# Weeds are taking over...help



## jstcruzin (Jul 9, 2008)

When I first bought this house a little over a year ago I had a few weeds but no big deal...one year later now I have about 5-8 different weeds that are taking over my lawn. I have either bermuda or st.augestine grass (not sure which they look the same to me). I was looking at a weed and feed but after reading a lot of the posts here I agree it seems stupid to feed the lawn and weeds and try and kill the weeds at the same time. I was at home depot looking at the different sprays that hook up to a hose that are weed killers but dont kill the grass. Or is it better to buy something that goes into a spreader and needs to be watered in. Its been raining a lot lately here in south florida, its that time of year, so what do you all think is my best option. Let me know and I can take pictures of the weeds as I have no clue what they are, just know I have a variety of them and they need to go.
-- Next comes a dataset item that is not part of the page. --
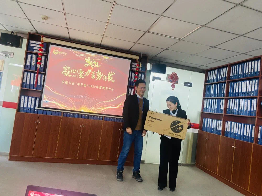 2月8號,安徽萬業(中天衡)在公司舉辦了2021年會盛典,并取得圓滿成功。我司黃總,中天衡王所參加此次活動并在會上致辭。 第一篇章 2020總結暨2021工作規劃 活動開始時,隨著黃總的登臺致辭,年會正式拉開了帷幕,首先黃總對公司2020年疫情之下逆勢而上取得的豐碩成果予以肯定,對長期以來支持萬業的合作伙伴、辛勤工作的全體員工,致以熱切的慰問和感謝并送上了新春的祝福。黃總表示公司將在2021年繼續加快企業多元化發展的步伐,為企業帶來新的發展契機。 隨后,各部門負責人開始了他們的年度匯報,總結2020年自己部門的不足與成果,暢談2021各團隊目標業績,發展使命。 第二篇章 表彰大會與年終獎頒發 接著,迎來了最令人激動人心的年終獎頒發環節,在眾人期待的目光中,黃總向各位員工表現派發年終獎勵,這是企業對大家誠摯的祝福,也是對全體員工的工作成績的認可。 第三篇章 抽獎 年終獎的頒發,慷概激昂、振奮人心,全體員工歡聲笑語,為人們呈現出新春的活力與美好。同時,中間穿插的抽獎環節更是把年會晚宴的現場氣氛推向了最高潮,松下吸塵器、黛珂水乳套裝、三明治機等重磅好禮一一送出,激勵大家奮發向上。 律回春暉漸,萬象始更新

All but one have leaves of some sort and the other looks like hay of some sort with star like seeds at the top, almost like a firework. Thanks for all your help in advance and look forward to all you input...


----------



## handy man88 (Jan 23, 2007)

jstcruzin said:


> When I first bought this house a little over a year ago I had a few weeds but no big deal...one year later now I have about 5-8 different weeds that are taking over my lawn. I have either bermuda or st.augestine grass (not sure which they look the same to me). I was looking at a weed and feed but after reading a lot of the posts here I agree it seems stupid to feed the lawn and weeds and try and kill the weeds at the same time. I was at home depot looking at the different sprays that hook up to a hose that are weed killers but dont kill the grass. Or is it better to buy something that goes into a spreader and needs to be watered in. Its been raining a lot lately here in south florida, its that time of year, so what do you all think is my best option. Let me know and I can take pictures of the weeds as I have no clue what they are, just know I have a variety of them and they need to go. All but one have leaves of some sort and the other looks like hay of some sort with star like seeds at the top, almost like a firework. Thanks for all your help in advance and look forward to all you input...


Rent a sod cutter, remove all of that mess, put down some good top soil/compost/lime, and then seed or lay down good sod.


----------



## Marvin Gardens (Sep 30, 2008)

If you go with a weed killer don't do broadcast spraying. Use a small sprayer and spray only the weeds.

Weed killer is supposed to kill only weeds but it can harm other plants that you want to keep around.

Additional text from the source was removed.